== Task ==
Below, find the line containing "会议最后,刘永恩老师组织大家" and the line containing "MR&HM Satin Comforter"; reproduce exactly those two and every line between them, omitting pictures.
START Records for this task
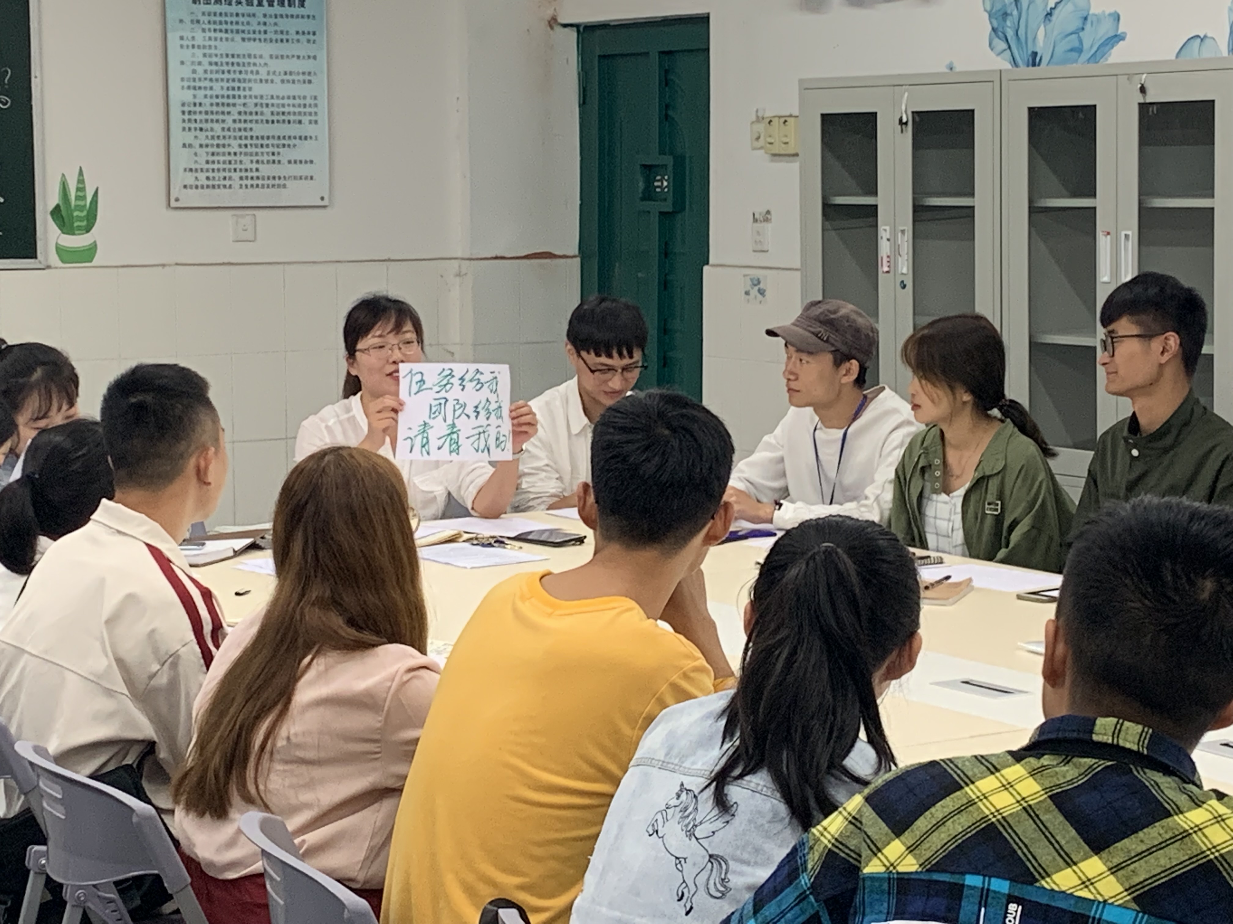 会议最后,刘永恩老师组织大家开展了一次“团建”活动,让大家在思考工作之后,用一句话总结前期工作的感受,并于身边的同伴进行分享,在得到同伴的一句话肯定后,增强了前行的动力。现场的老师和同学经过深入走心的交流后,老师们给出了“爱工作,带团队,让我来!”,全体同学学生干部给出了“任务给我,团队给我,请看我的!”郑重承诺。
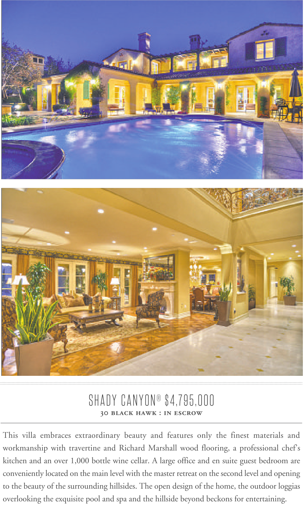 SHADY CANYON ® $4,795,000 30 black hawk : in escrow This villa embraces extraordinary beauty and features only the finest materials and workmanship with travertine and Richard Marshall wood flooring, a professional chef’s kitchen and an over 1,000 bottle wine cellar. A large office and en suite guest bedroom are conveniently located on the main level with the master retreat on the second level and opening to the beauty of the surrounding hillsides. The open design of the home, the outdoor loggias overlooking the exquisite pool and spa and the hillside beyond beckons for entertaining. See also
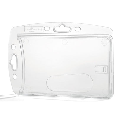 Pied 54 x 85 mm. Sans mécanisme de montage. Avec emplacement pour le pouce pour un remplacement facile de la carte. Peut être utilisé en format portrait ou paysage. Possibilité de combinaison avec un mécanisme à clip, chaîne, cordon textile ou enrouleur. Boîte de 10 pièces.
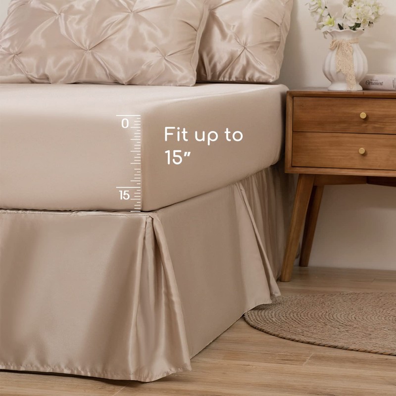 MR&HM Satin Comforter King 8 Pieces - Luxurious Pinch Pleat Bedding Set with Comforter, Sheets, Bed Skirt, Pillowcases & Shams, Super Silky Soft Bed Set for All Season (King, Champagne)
END Records for this task
START Records for this task
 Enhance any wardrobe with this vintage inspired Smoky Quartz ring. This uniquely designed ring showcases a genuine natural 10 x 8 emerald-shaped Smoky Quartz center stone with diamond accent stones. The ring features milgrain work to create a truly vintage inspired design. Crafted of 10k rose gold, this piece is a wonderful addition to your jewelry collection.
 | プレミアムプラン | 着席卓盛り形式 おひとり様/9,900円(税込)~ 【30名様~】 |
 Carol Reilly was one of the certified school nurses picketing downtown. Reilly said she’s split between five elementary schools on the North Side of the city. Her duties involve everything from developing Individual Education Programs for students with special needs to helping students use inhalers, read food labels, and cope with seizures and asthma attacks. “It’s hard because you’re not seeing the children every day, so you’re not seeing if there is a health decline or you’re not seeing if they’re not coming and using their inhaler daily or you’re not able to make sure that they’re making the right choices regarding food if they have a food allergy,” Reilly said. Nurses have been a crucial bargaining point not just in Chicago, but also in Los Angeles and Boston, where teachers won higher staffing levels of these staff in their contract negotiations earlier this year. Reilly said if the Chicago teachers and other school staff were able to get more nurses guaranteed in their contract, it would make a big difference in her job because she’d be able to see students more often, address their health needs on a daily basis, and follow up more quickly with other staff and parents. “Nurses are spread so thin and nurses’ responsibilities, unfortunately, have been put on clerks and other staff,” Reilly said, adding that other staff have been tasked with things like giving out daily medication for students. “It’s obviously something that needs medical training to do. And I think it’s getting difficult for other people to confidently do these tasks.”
END Records for this task
START Records for this task
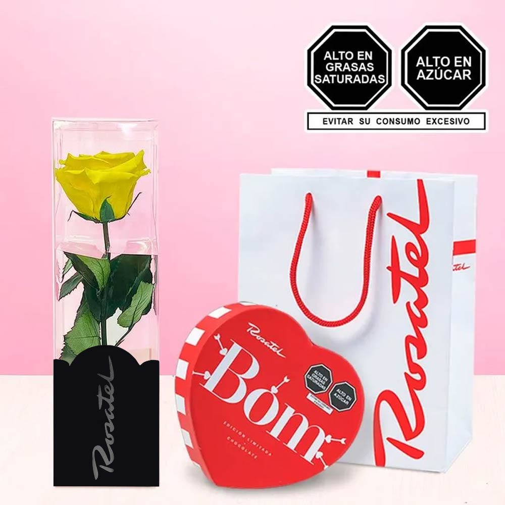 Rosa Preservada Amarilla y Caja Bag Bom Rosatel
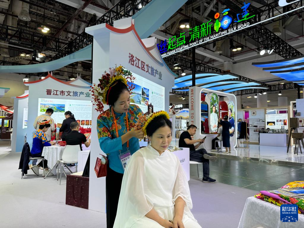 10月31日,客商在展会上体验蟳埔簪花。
END Records for this task
== Answer for the task ==
 会议最后,刘永恩老师组织大家开展了一次“团建”活动,让大家在思考工作之后,用一句话总结前期工作的感受,并于身边的同伴进行分享,在得到同伴的一句话肯定后,增强了前行的动力。现场的老师和同学经过深入走心的交流后,老师们给出了“爱工作,带团队,让我来!”,全体同学学生干部给出了“任务给我,团队给我,请看我的!”郑重承诺。
 SHADY CANYON ® $4,795,000 30 black hawk : in escrow This villa embraces extraordinary beauty and features only the finest materials and workmanship with travertine and Richard Marshall wood flooring, a professional chef’s kitchen and an over 1,000 bottle wine cellar. A large office and en suite guest bedroom are conveniently located on the main level with the master retreat on the second level and opening to the beauty of the surrounding hillsides. The open design of the home, the outdoor loggias overlooking the exquisite pool and spa and the hillside beyond beckons for entertaining. See also
 Pied 54 x 85 mm. Sans mécanisme de montage. Avec emplacement pour le pouce pour un remplacement facile de la carte. Peut être utilisé en format portrait ou paysage. Possibilité de combinaison avec un mécanisme à clip, chaîne, cordon textile ou enrouleur. Boîte de 10 pièces.
 MR&HM Satin Comforter King 8 Pieces - Luxurious Pinch Pleat Bedding Set with Comforter, Sheets, Bed Skirt, Pillowcases & Shams, Super Silky Soft Bed Set for All Season (King, Champagne)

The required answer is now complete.